(Collected data)
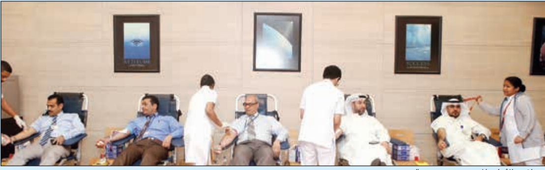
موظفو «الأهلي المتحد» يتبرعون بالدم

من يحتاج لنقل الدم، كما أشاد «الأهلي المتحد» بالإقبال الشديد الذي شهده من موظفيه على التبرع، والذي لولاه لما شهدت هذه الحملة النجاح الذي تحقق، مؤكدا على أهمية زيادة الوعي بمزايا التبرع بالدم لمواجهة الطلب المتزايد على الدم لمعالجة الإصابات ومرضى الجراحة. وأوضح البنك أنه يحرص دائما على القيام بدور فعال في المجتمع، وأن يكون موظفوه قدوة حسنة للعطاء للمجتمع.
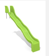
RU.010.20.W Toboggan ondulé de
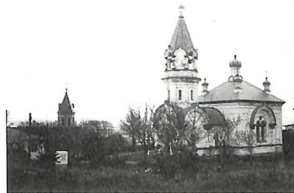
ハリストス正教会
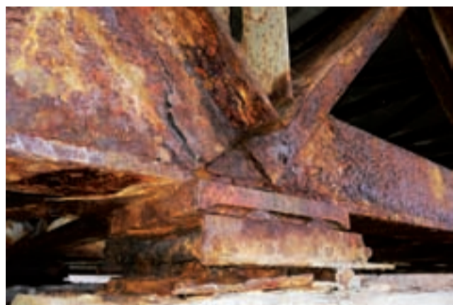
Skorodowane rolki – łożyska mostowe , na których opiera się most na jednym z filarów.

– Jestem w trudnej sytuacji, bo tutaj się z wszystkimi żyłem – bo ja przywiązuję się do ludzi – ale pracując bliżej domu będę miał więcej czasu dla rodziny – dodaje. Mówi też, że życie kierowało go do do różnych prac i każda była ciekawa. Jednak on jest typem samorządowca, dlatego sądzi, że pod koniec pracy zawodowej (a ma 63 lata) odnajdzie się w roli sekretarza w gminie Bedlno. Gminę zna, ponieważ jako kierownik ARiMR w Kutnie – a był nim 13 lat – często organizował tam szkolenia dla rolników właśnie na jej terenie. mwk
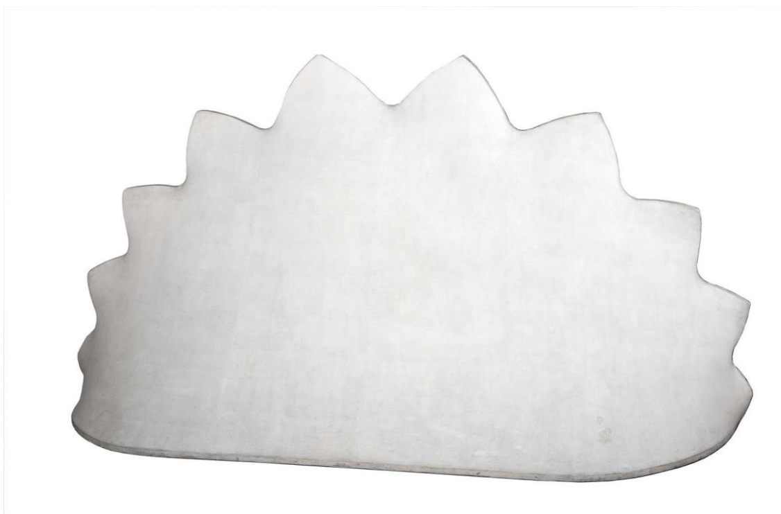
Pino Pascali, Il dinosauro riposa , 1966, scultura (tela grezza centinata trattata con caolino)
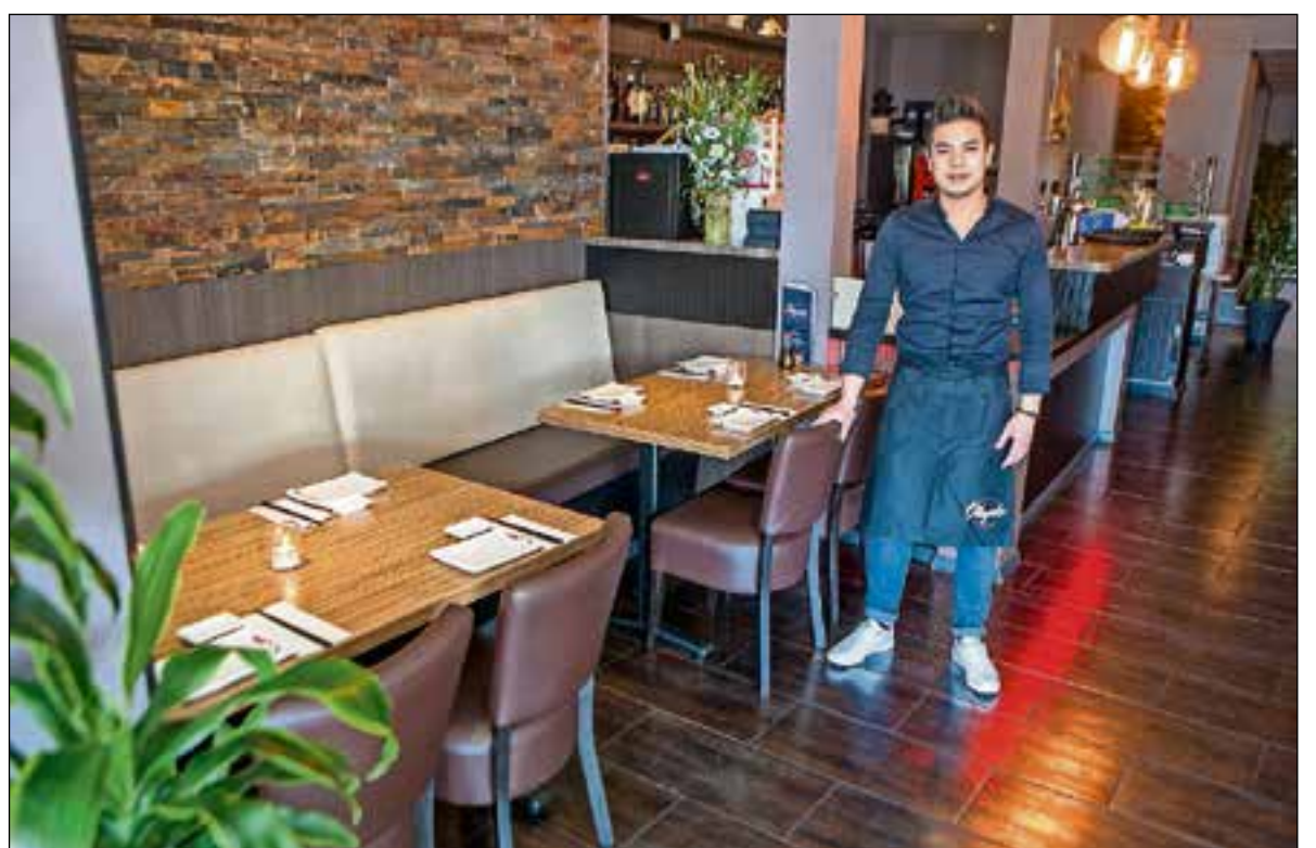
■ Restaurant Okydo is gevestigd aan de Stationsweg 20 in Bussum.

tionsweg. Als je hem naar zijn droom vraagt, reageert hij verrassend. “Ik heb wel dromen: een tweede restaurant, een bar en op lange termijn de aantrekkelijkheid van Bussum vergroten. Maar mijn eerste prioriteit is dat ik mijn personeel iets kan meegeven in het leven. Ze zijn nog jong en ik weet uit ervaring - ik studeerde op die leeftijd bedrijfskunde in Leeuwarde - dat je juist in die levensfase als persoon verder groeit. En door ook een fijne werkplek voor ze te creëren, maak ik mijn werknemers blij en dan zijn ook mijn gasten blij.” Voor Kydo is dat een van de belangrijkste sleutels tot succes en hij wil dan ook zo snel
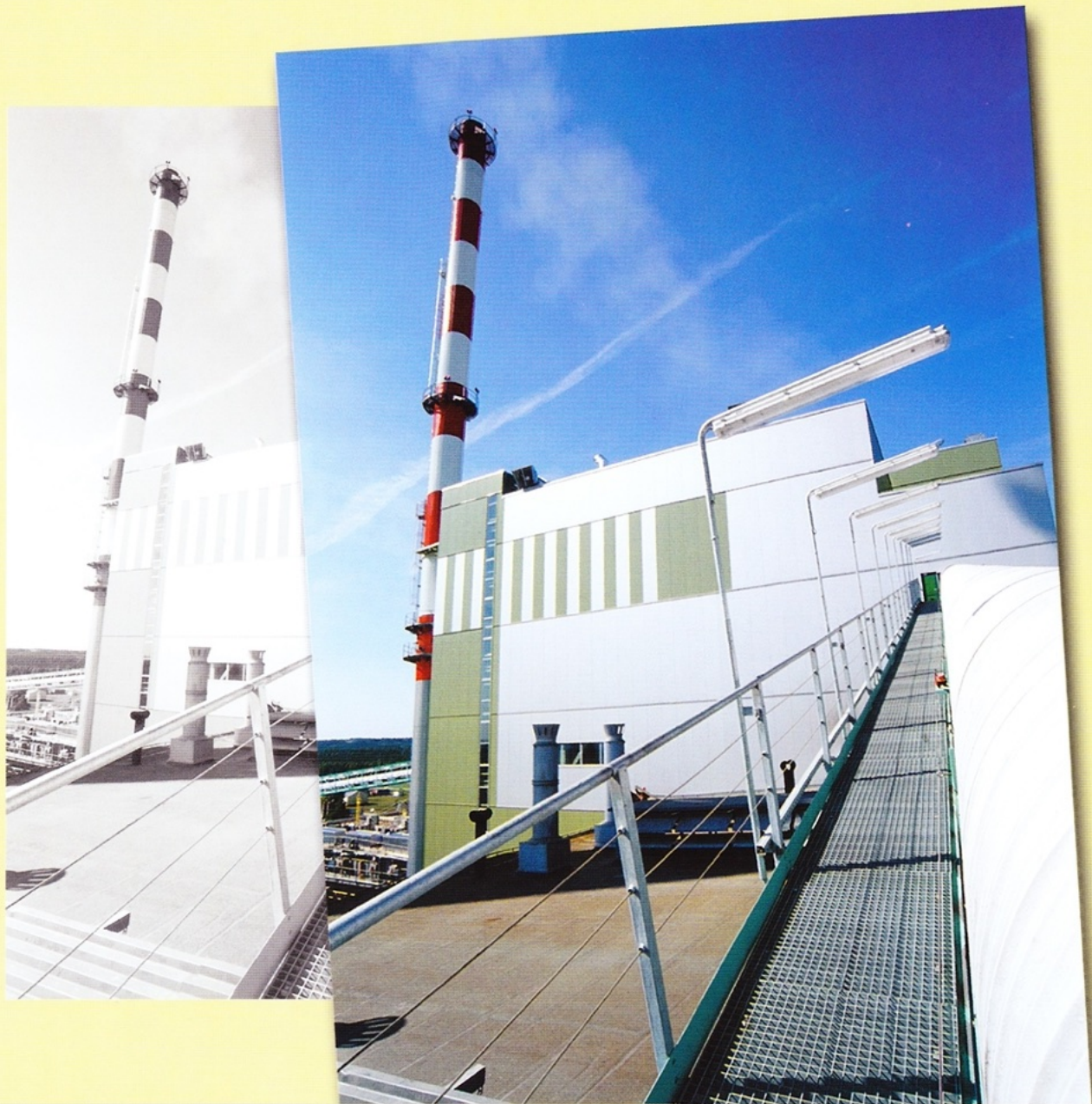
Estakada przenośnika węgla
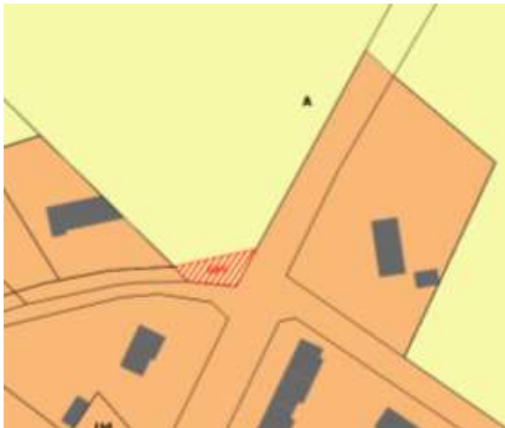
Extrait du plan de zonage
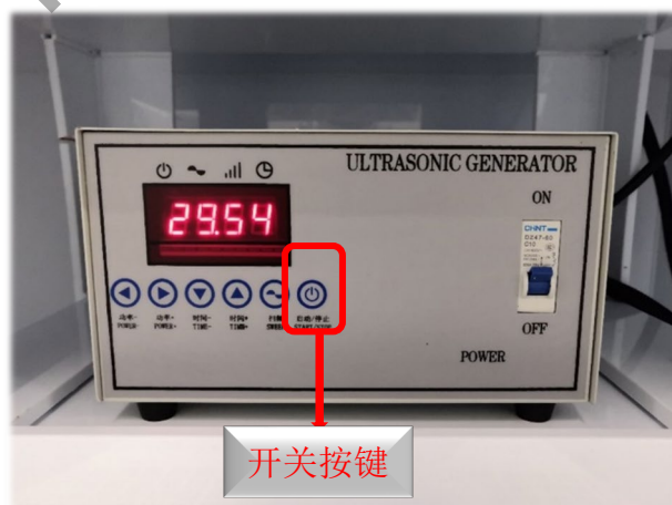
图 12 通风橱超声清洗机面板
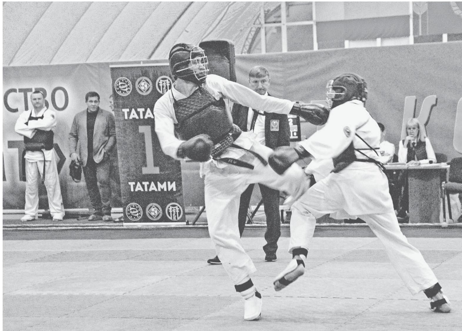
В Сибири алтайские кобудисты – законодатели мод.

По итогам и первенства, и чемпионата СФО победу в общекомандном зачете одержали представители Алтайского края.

Exercise objective: What is needed is every line of the records above that contains the word "المتحد".

Answer to this problem:
موظفو «الأهلي المتحد» يتبرعون بالدم
من يحتاج لنقل الدم، كما أشاد «الأهلي المتحد» بالإقبال الشديد الذي شهده من موظفيه على التبرع، والذي لولاه لما شهدت هذه الحملة النجاح الذي تحقق، مؤكدا على أهمية زيادة الوعي بمزايا التبرع بالدم لمواجهة الطلب المتزايد على الدم لمعالجة الإصابات ومرضى الجراحة. وأوضح البنك أنه يحرص دائما على القيام بدور فعال في المجتمع، وأن يكون موظفوه قدوة حسنة للعطاء للمجتمع.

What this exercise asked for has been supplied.